This book, much like its protagonist Helen Moran, doesn’t really know what it wants to be. And that’s ok most of the time because a suicide implies a mystery in a way not every other death does. And so a book about a suicide can be a mystery, and because it’s about grief, it can be a wandering, wayward affair with no real issue.
I am teaching Hamlet, and today we talked about the “To Be or Not To Be” speech and the students grappled with some of the different interpretations of it. One example I give students is to think about it possibly as an expression of deep existential frustration about life, but ultimately an expression than a desire. One student suggested he was killing off the rational part of his mind in order to better move down the path of vengeance. Sounds pretty cool to me.

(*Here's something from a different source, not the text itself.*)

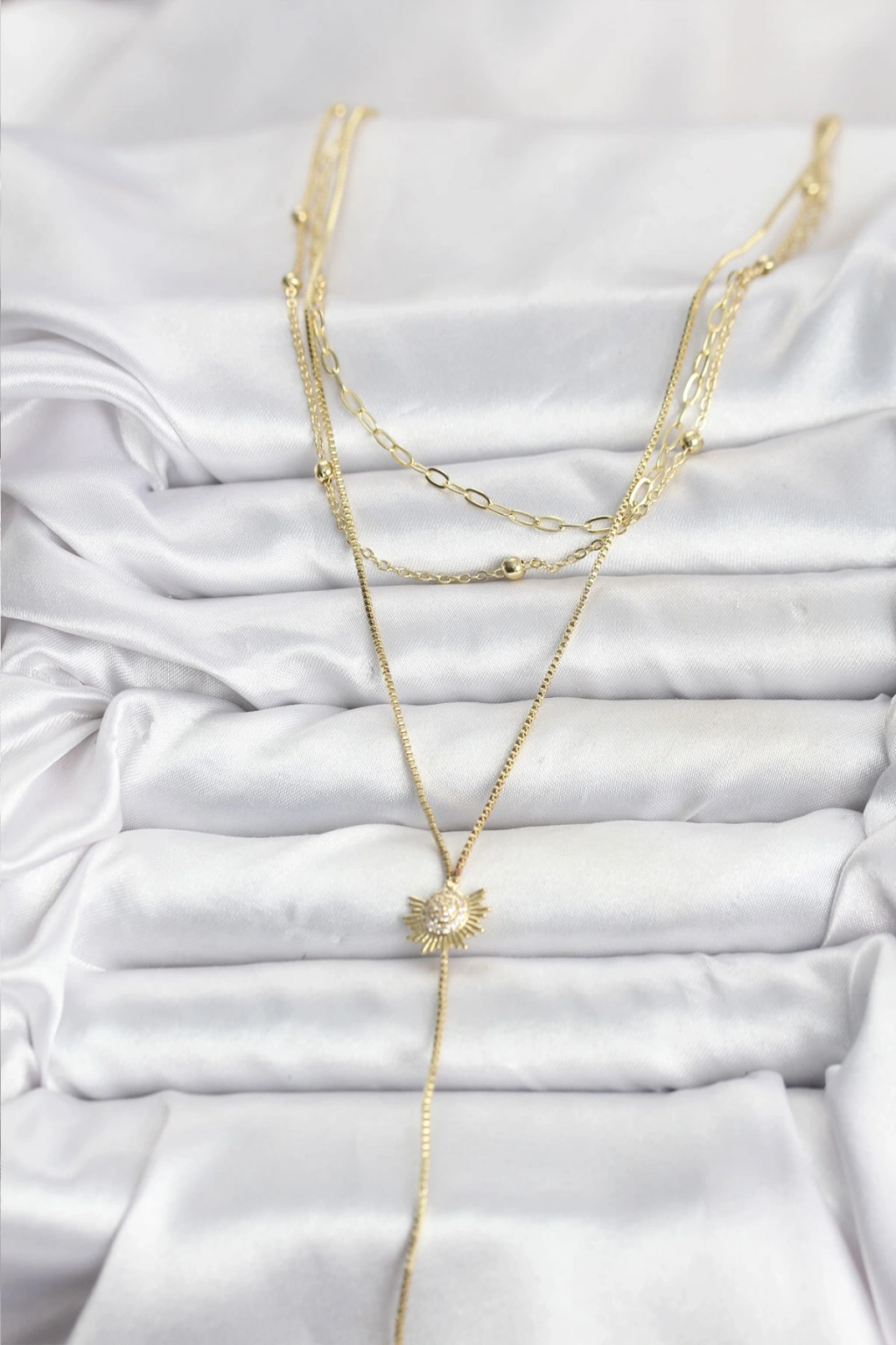 MuI MuI Pirinç Gold Renk Zirkon Taşlı Güneş Model Detaylı 3'lü Kombin Y Kadın Kolye

Like Hamlet, the suicide in this novel doesn’t allow for simple explanations. The way it’s set up is to give us an offbeat and frustratingly unstable (but not suicidal) narrator, whose adoptive brother has died. Both of them are Korean adoptees to white parents and so the distance between the family members has allowed for a physical and emotional estrangement. And the uncertainty in the main character’s life also allows for a similar level of estrangement to her own life and situation.
This is a book about questions and quests, but not about answers. My mild history with suicide has involved survivors trying to pick up the pieces and make sense of them and looking toward any clue, source, method or process of understanding but not really finding anything that can explain it.
This book works on a similar level. It’s a journey with an impossible goal. It’s oddly funny at times, and it’s pretty good.